> _Exercise requirements_
Copy exactly, and only, the lines from the line containing "[定格内容積] 約31L / [冷却方式] 直冷式" through the last line of the records below, both included, and leave out any pictures.

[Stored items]
= = = = = = =

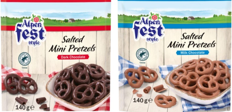 Este vorba de ALPENFEST Covrigi cu sare și ciocolată sortați, 140g.
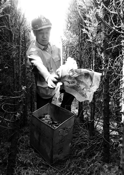 有些塑料袋挂在树上,更不好清理。再加上很多绿化地都在金色护栏以里,车进不去,职工们只能一袋子一袋子的往外扛垃圾。平常,这个班组每日能清扫出来4~5吨的垃圾。如果要赶上修剪花枝树干、清扫落叶,垃圾就更多了……尽管很辛苦,但是王水清和职工们都没有怨言,都为自己的工作感到骄傲,为努力干好这份工作而努力。
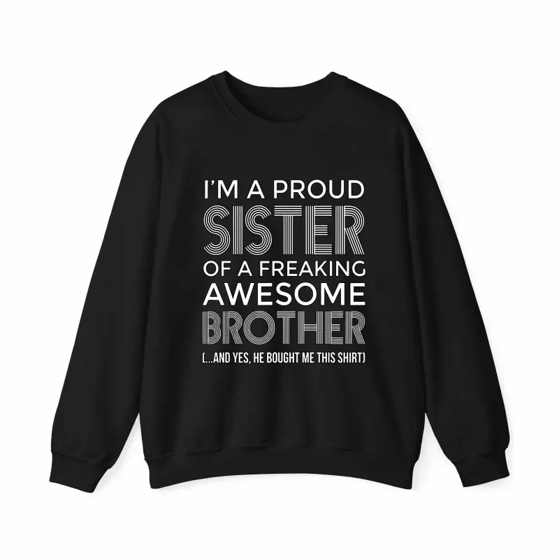 5. Vintage Style Unisex Hoodie – Proud Sister and Awesome Brother Funny Round Neck Sweatshirt
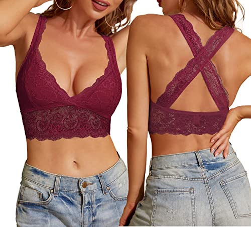 SHEKINI BH dam utan bygel framknäppt behå spets bustier djup urringning avtagbar vadderad bh bekväm bygellös bralette topp sexiga underkläder underkläder underkläder, Vinröd, M
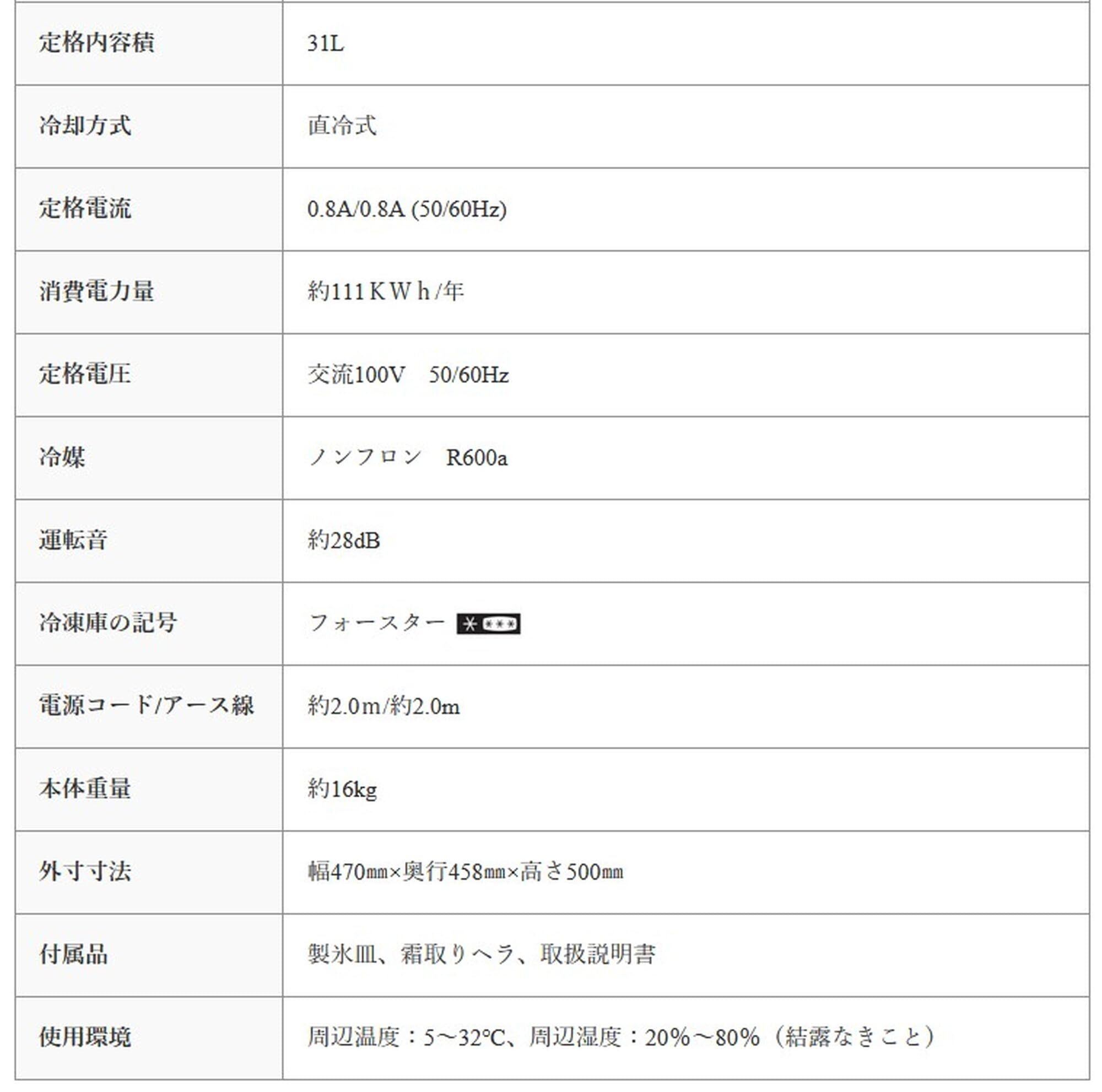 [定格内容積] 約31L / [冷却方式] 直冷式
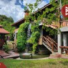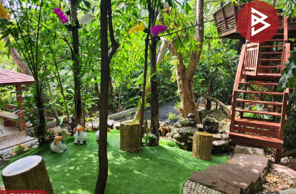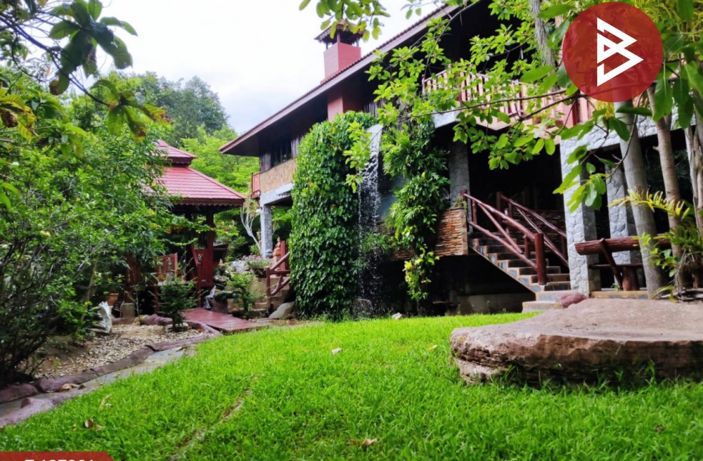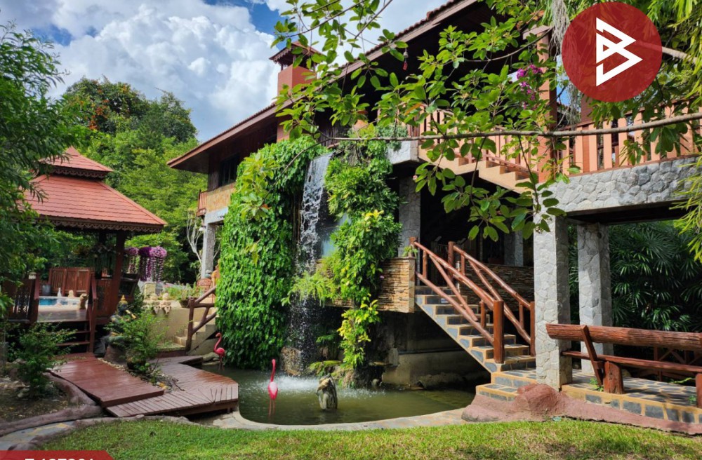 บ้านสไตล์ล็อกเคบิน (Log Cabin) ขนาด 5 ห้องนอน 4 ห้องน้ำ 1 เรือนรับรอง 1 บ้านพักคนดูแล 1 สระว่ายน้ำ 1 ศาลาบนต้นไม้ กับอีกหลายศาลารอบพื้นที่ และศาลาริมน้ำ 2 ชั้น

= = = = = = =

> _Solution for this exercise_
 [定格内容積] 約31L / [冷却方式] 直冷式
 บ้านสไตล์ล็อกเคบิน (Log Cabin) ขนาด 5 ห้องนอน 4 ห้องน้ำ 1 เรือนรับรอง 1 บ้านพักคนดูแล 1 สระว่ายน้ำ 1 ศาลาบนต้นไม้ กับอีกหลายศาลารอบพื้นที่ และศาลาริมน้ำ 2 ชั้น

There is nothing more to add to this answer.